US Ambassador to Colombia Miles Frechette
Knocks Wind out of Narco-Guerrilla Theory


The Frechette Doctrine


From El Espectador, Bogota
May 1996 --- But as of October, Frechette was toeing the State Dept/Pentagon line that the guerrillas were narco-terrorists!!! Tens of millions of dollars in new military aid is going to the Colombian military -- plus several Black Hawk copters.....just what the people of Colombia need, more guns, more firepower in the hands of U.S. trained Cold Warriers who refuse to allow political opposition, labor organization, or anything that questions the status quo...


Within the framework of Colombian academics in which General Bonnett Locarno organized the War College (Escuela Superior de Guerra) -- which was a free and pluralistic forum, where Antonio Caballero said that he did not like military privilege because it permitted challenge -- the turn of Ambassador Frechette came. He is a person who, one must admit, is courageous and uninhibited. He repeated that the 'path' of the gringos passes through extradiction: that of the 50 druglords who are in prison, not one has been condemned, and that the eradication of illicit crops is a failure because the crops which have been fumigated reappear a short time later. This is sad but true.

But he went further. When an official of an upper graduating class asked him why the United States did not declare war against the narco-guerrillas, he replied simply:

"Because we do not have evidence that the guerrillas are manufacturing and exporting cocaine to the United States."

A striking statement. Without doubt, the majority of those in attendance who had made of doctrine of the narco-guerrilla (which was formulated by Ambassador Tambs, who later turned out to be tainted with cocaine in Guatemala) their compass and the justification of their struggle, the statement by Frechette ought to have left them green. For obvious reasons they could not classify it as subversive. With few exceptions -- honor must go to the "News Magazine of 7 PM" -- the news media were silent about this occurrence because it did not fit with the image which they have been creating of the conflict which we suffer from and because, in general, they speak very much of peace but they follow much more that of war.

The guerrillas kidnap, shoot, tax, rob. They extort from the merchants of cocaine, from the (traqueteos) and from those large growers, and from them they obtain fabulous earnings to sustain the war.

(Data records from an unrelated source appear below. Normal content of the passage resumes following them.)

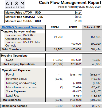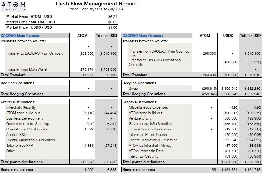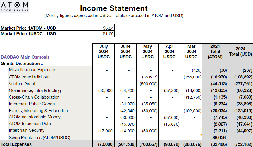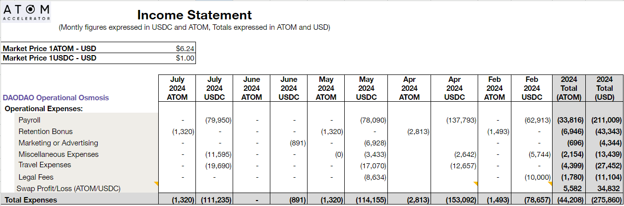 The following covers all financial activity from its primary wallets (main and operational) and subDAO (DAODAO) wallets.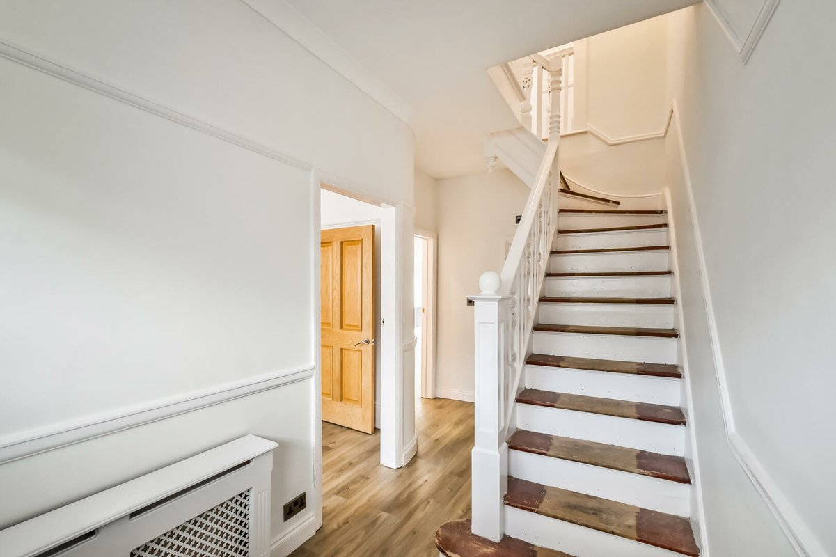 Upon entry, you’re welcomed by a generous hallway with a beautifully preserved carved balustrade. The high ceilings, large sash windows, dado rails, and stained glass details speak to the home’s Edwardian heritage, while modern upgrades offer everyday comfort and luxury.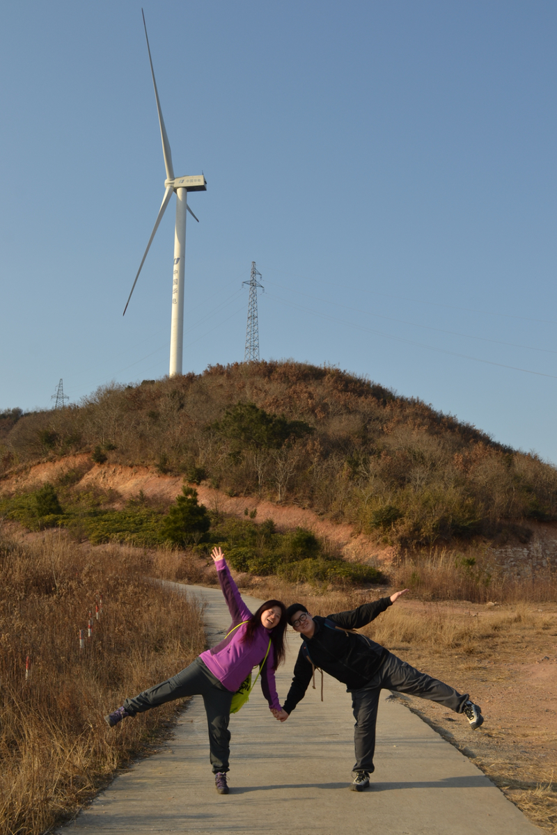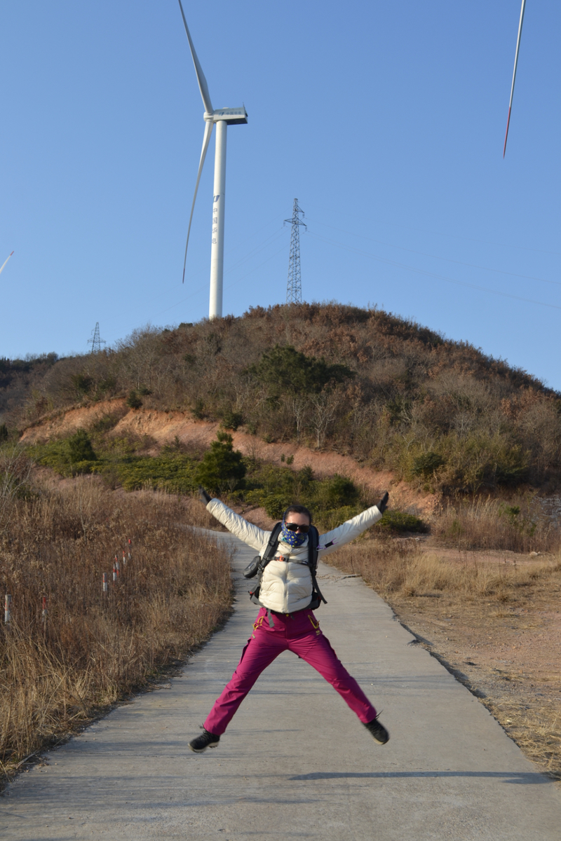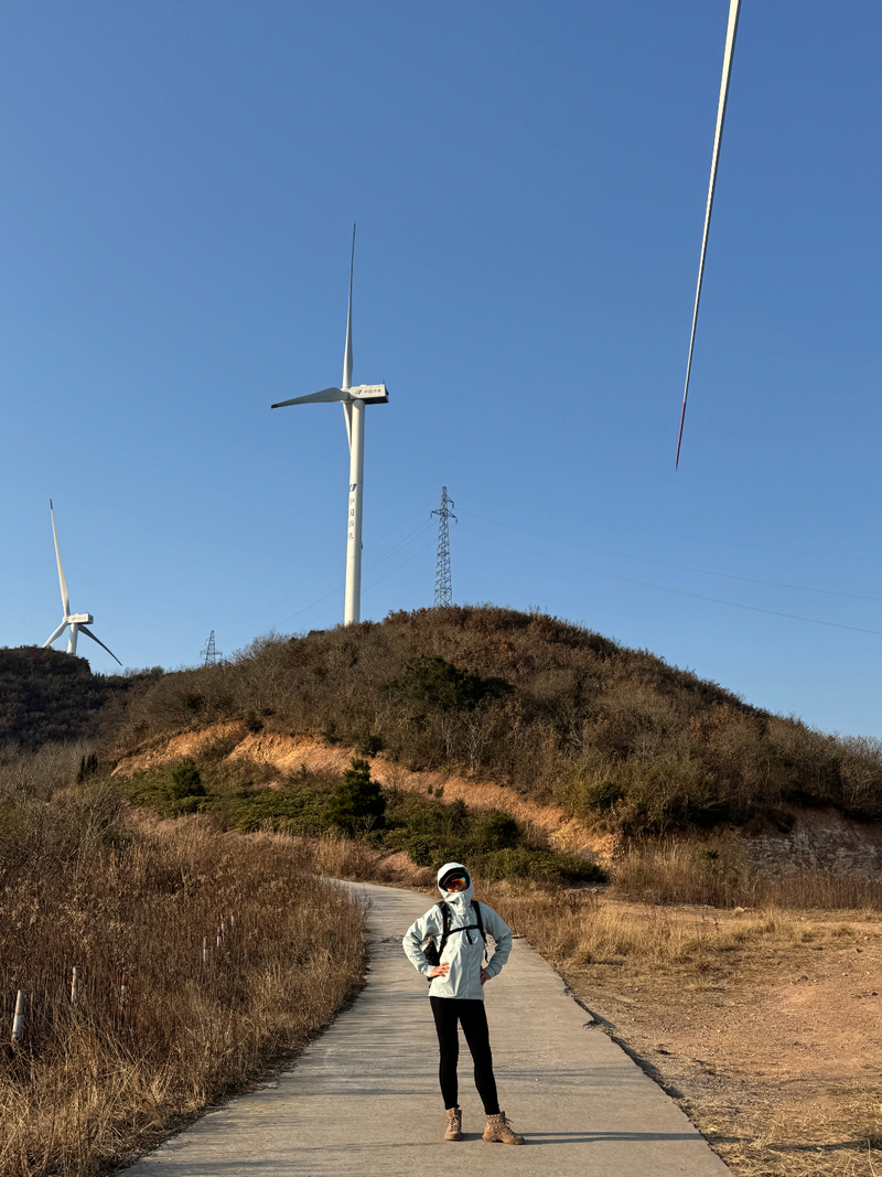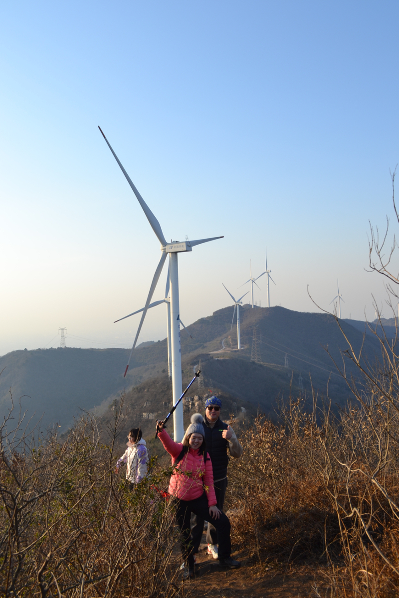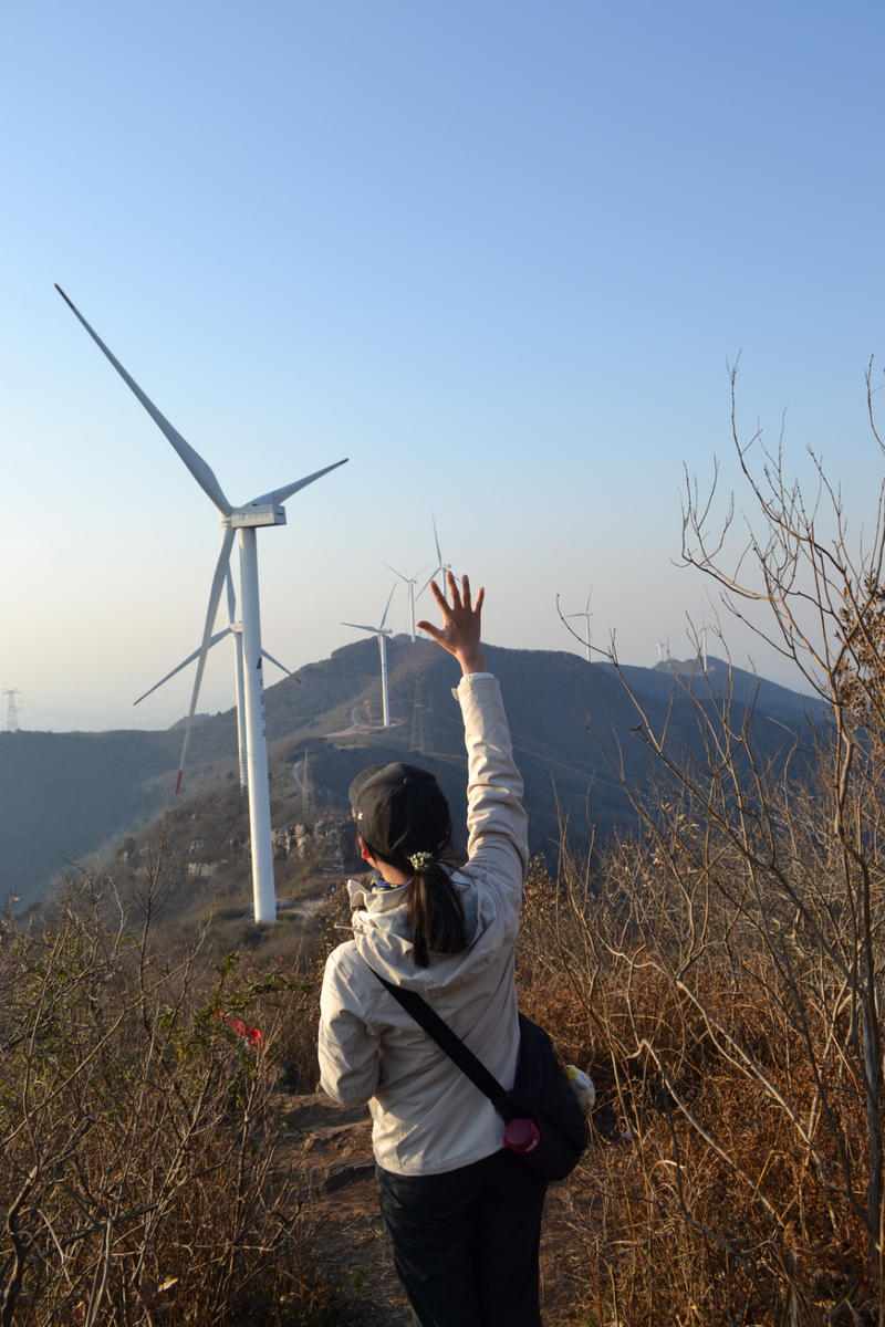 徒步约1.5小时可以达到山顶,在山顶可以看最美风车,穿越山脊,然后下山,下山路有些短距离坡度大的下山,沿途有绳子可以拉着,同步走山脊线,瞭望太湖全景,看山顶风车旋转。

More than one commander has made lucrative business in the shadow of the (gramaje) which the guerrillas charge the drug traffickers and which really is paid by the small producers. But for the guerrillas as an organization it is not advantageous to involve themselves in planting, processing, and exporting when they can tax the value added at the source of production itself. They have learned a great deal from Neoliberalism. To traffic in cocaine or in the poppy requires many people, a great deal of work and a great deal of effort which would tend to detour them from the activity which is basically military. Nor would it serve them from the political point of view, because the (traqueteo) is a source of indiscipline, corruption and demoralization. They do what they have to do to finance a war which day by day becomes more costly and broader, and they do not do what they know from experience is against their political and military projects.

Frechette opened a new chapter in the struggle against drug trafficking when he divorced the traffic in drugs itself from subversion.

For those of us who continue, inspite of it all, to insist on peace, the new doctrine is a light at the end of the tunnel in which we have been placed by the enemies of a political solution to the conflict. The position of Frechette of not letting himself be carried along on the easy road of Satanization, puts the United States in the position of a possible mediator of the conflict in the future, when the nationalist posturing is reduced and war demonstrates its uselessness and very high cost.

The Frechette Doctrine permits initial thoughts also that the problem of illicit crops -- as a problem for the peasants, which it is -- could be brought to the negotiation table as Agrarian Reform in place of so much spraying of crops, so much crop substitution planning and so much violence. To end the supply of cocaine, implies sacrificing the present structure of agrarian property, which is precisely that which they do not wish do do because the blood which is spilled in the war has not been the blood of the owners of the haciendas but rather of the peasants, whether they be soldiers or guerrillas.